(Source records)
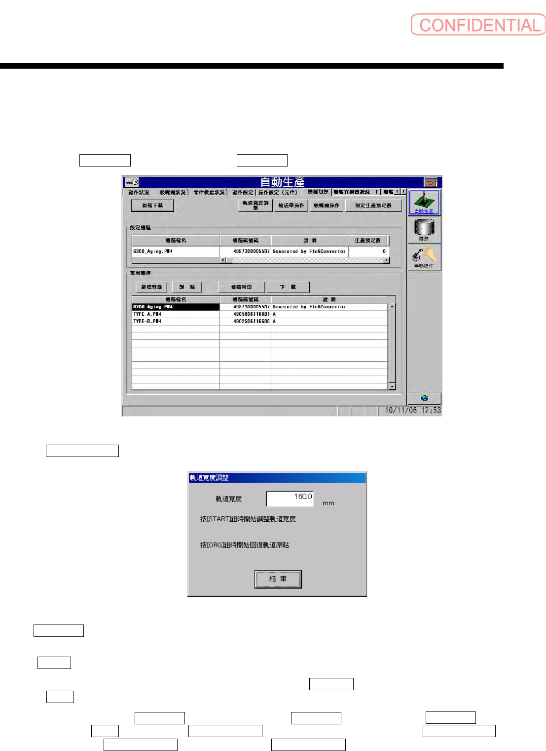 依顺序点击 自動生產 ( 自动生产 ) 菜单→ 機種切換 ( 机种切换 ) 标签会出现以下的画面。
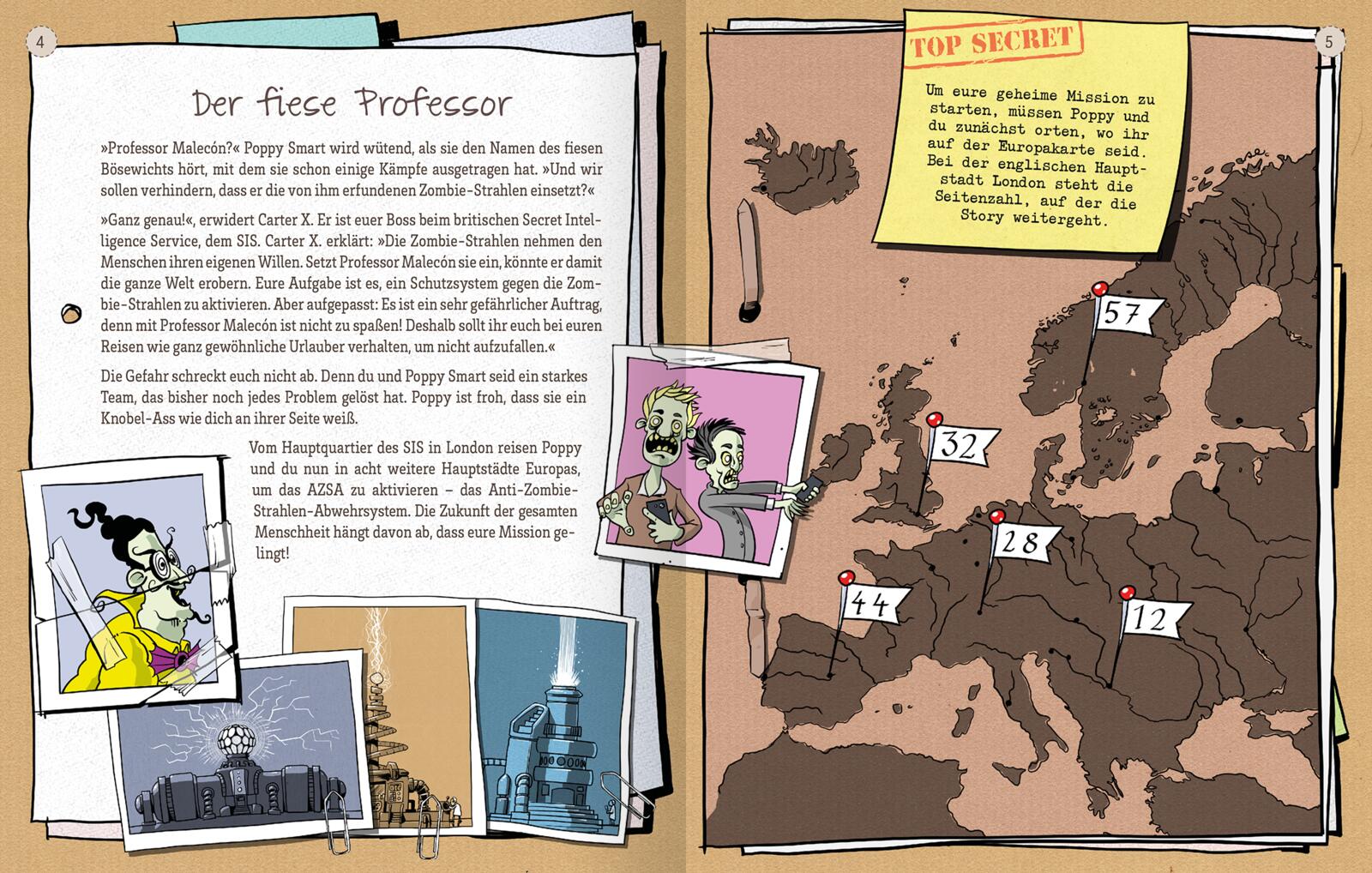 Ein Schutzsystem gegen Zombi-Strahlen zu aktivieren? - Das ist ein Fall für dich und deine Geheimagenten-Kollegin Poppy Smart! Gemeinsam reist ihr in ferne Länder, knackt kniffelige Rätsel und legt dem bösen Professor Malecon so das Handwerk.
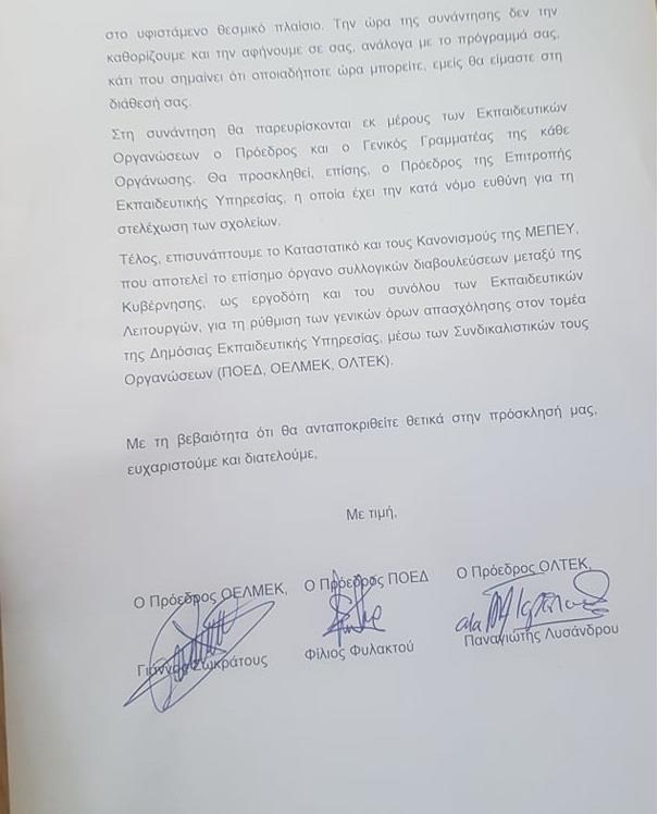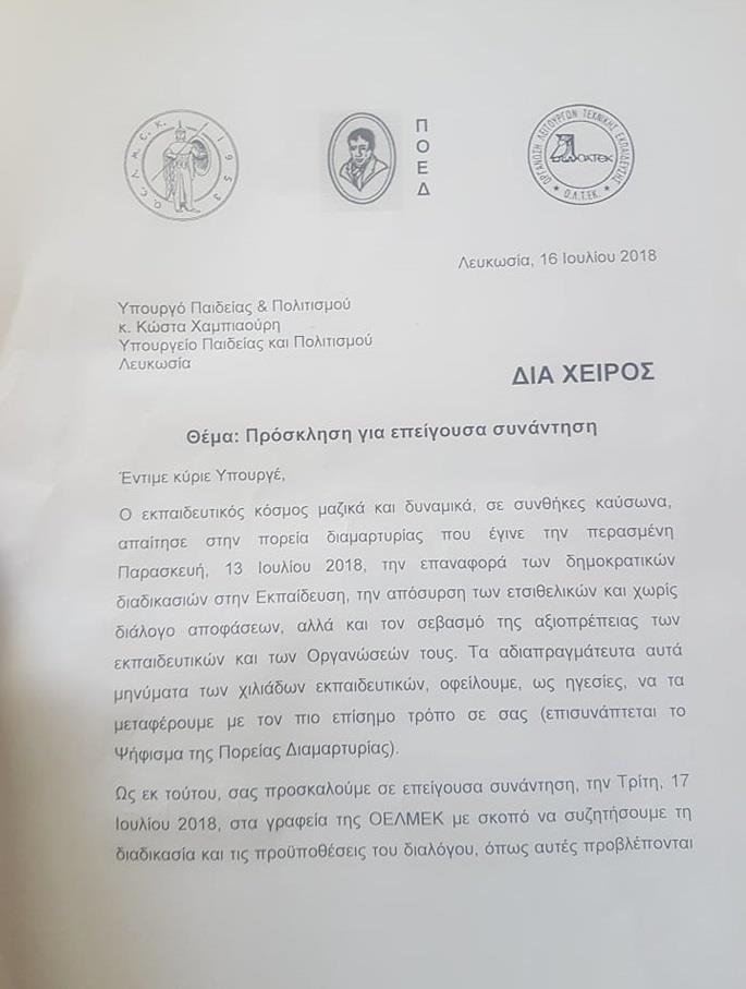 Το υπόμνημά τους, διά του οποίου διαβιβάζεται στον Υπουργό Παιδείας το αίτημά τους για επείγουσα συνάντηση, δόθηκε από αντιπροσώπους των τριών συντεχνιών  που μετέβησαν στο Υπουργείο Παιδείας, στη Γενική Διευθύντρια του Υπουργείου, Αίγλη Παντελάκη. Το υπόμνημα επέδωσε εκ μέρους των συνδικαλιστικών οργανώσεων ο πρόεδρος της ΠΟΕΔ Φίλιος Φυλακτού. <
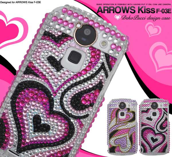 | 製品仕様 | | 対応機種 | ARROWS Kiss F-03E | | 種類 | 2種類 | | 注意 | ※ARROWS Kiss F-03Eは付属しません。※ライセンス商品ではありません。 ※ラインストーンが貼られていない余白部分が若干ございます。 ※衝撃を与えると、ラインストーンが取れる場合があります。 |
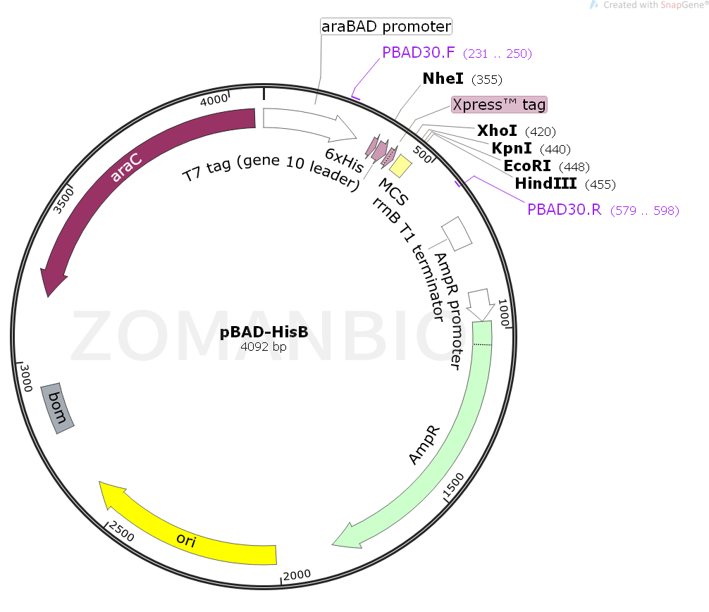 pBAD-HisB質(zhì)粒是衍生于pBR322載體。載體設(shè)計(jì)用來(lái)在大腸桿菌中進(jìn)行可調(diào)節(jié),劑量依賴性的表達(dá)和純化重組目的蛋白。使大腸桿菌araBAD啟動(dòng)子(pBAD)增強(qiáng)了大腸桿菌重組蛋白可溶性表達(dá)的水平。pBAD/His和pBAD/Myc His載體上的調(diào)節(jié)蛋白AraC能夠調(diào)控pBad啟動(dòng)子。pBAD/Myc-His B 載體是阿拉伯糖調(diào)控載體,在無(wú)葡萄糖的培養(yǎng)基中,阿拉伯糖正向調(diào)控目的基因的表達(dá),通過調(diào)節(jié)阿拉伯糖的濃度水平來(lái)優(yōu)化目的蛋白的可溶性表達(dá)。
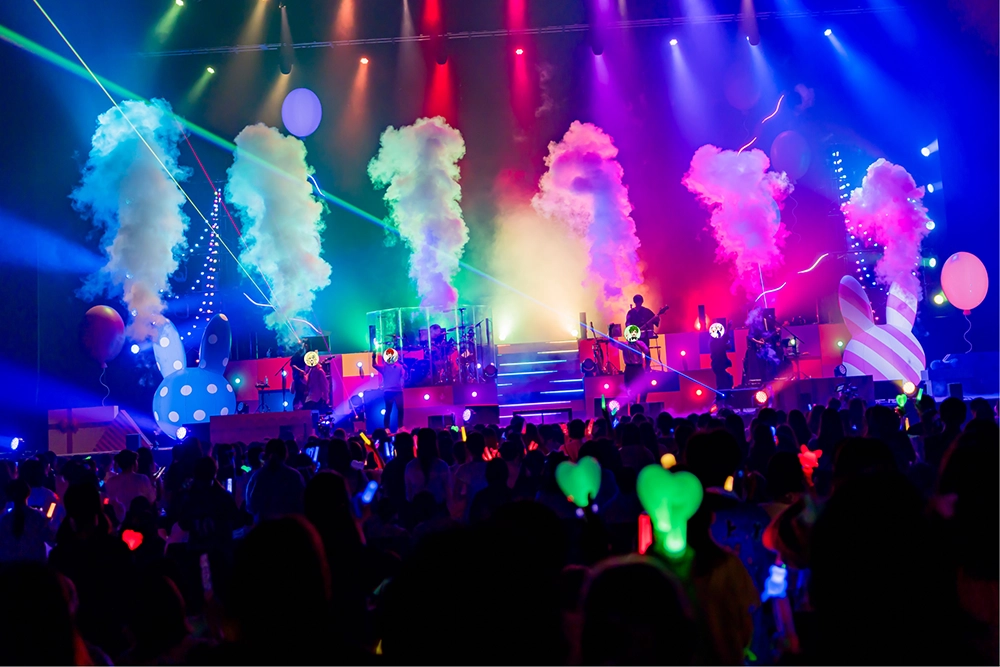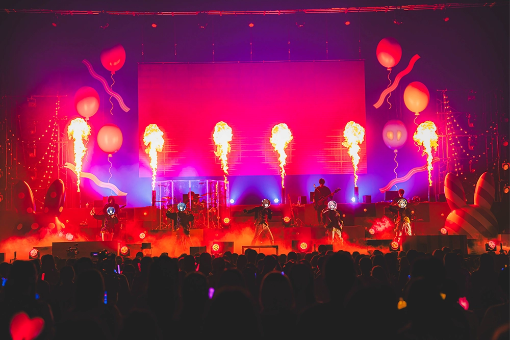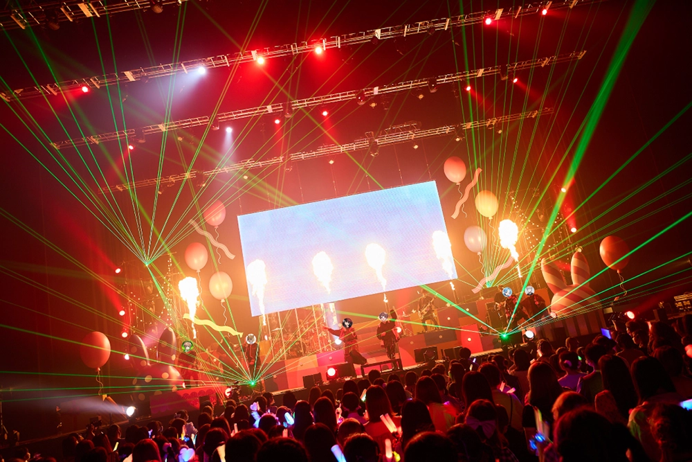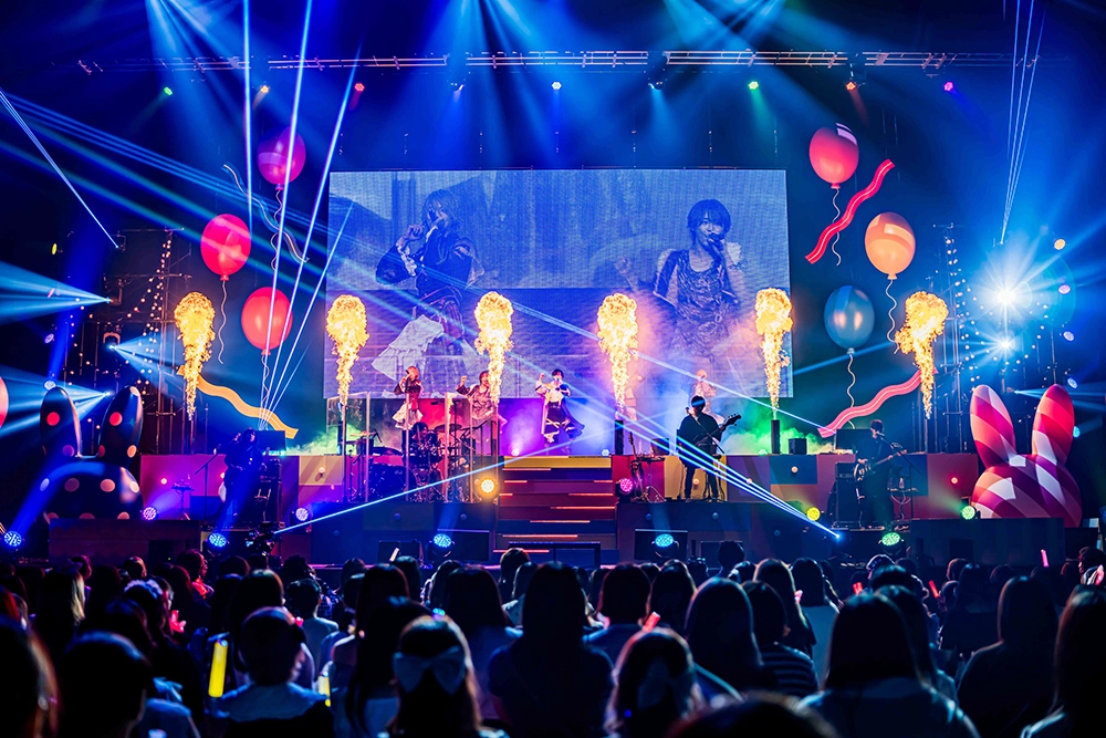 ステージにはウサギの形をしたお菓子やキャンディの風船、お立ち台はケーキなどファンシーンな雰囲気。そこにバンドセットがあるところが不思議な感じ。暗転して桜の木や茶室などの和テイストの映像から地球を飛び出し、オーバチュアの音楽も和テイスト。そして桜の模様が浮かび上がる中でNext Artistとして紹介されたのは、イベントのホストを務めるちょこらび。ステージ中段に現れると歌うのは最近ネットにアップした熱くて元気な楽曲「ラビラビ☆サマータイム」。「オオオオ」とお客さんと声を合わせ、Dメロでは後方に火柱が!

- [TASK PROMPT]: Please leave out the pictures while you copy exactly the lines from the one containing "Ein Schutzsystem gegen" through the end of the records.

- [ANSWER TO THE PROBLEM]:
 Ein Schutzsystem gegen Zombi-Strahlen zu aktivieren? - Das ist ein Fall für dich und deine Geheimagenten-Kollegin Poppy Smart! Gemeinsam reist ihr in ferne Länder, knackt kniffelige Rätsel und legt dem bösen Professor Malecon so das Handwerk.
 Το υπόμνημά τους, διά του οποίου διαβιβάζεται στον Υπουργό Παιδείας το αίτημά τους για επείγουσα συνάντηση, δόθηκε από αντιπροσώπους των τριών συντεχνιών  που μετέβησαν στο Υπουργείο Παιδείας, στη Γενική Διευθύντρια του Υπουργείου, Αίγλη Παντελάκη. Το υπόμνημα επέδωσε εκ μέρους των συνδικαλιστικών οργανώσεων ο πρόεδρος της ΠΟΕΔ Φίλιος Φυλακτού. <
 | 製品仕様 | | 対応機種 | ARROWS Kiss F-03E | | 種類 | 2種類 | | 注意 | ※ARROWS Kiss F-03Eは付属しません。※ライセンス商品ではありません。 ※ラインストーンが貼られていない余白部分が若干ございます。 ※衝撃を与えると、ラインストーンが取れる場合があります。 |
 pBAD-HisB質(zhì)粒是衍生于pBR322載體。載體設(shè)計(jì)用來(lái)在大腸桿菌中進(jìn)行可調(diào)節(jié),劑量依賴性的表達(dá)和純化重組目的蛋白。使大腸桿菌araBAD啟動(dòng)子(pBAD)增強(qiáng)了大腸桿菌重組蛋白可溶性表達(dá)的水平。pBAD/His和pBAD/Myc His載體上的調(diào)節(jié)蛋白AraC能夠調(diào)控pBad啟動(dòng)子。pBAD/Myc-His B 載體是阿拉伯糖調(diào)控載體,在無(wú)葡萄糖的培養(yǎng)基中,阿拉伯糖正向調(diào)控目的基因的表達(dá),通過調(diào)節(jié)阿拉伯糖的濃度水平來(lái)優(yōu)化目的蛋白的可溶性表達(dá)。
 ステージにはウサギの形をしたお菓子やキャンディの風船、お立ち台はケーキなどファンシーンな雰囲気。そこにバンドセットがあるところが不思議な感じ。暗転して桜の木や茶室などの和テイストの映像から地球を飛び出し、オーバチュアの音楽も和テイスト。そして桜の模様が浮かび上がる中でNext Artistとして紹介されたのは、イベントのホストを務めるちょこらび。ステージ中段に現れると歌うのは最近ネットにアップした熱くて元気な楽曲「ラビラビ☆サマータイム」。「オオオオ」とお客さんと声を合わせ、Dメロでは後方に火柱が!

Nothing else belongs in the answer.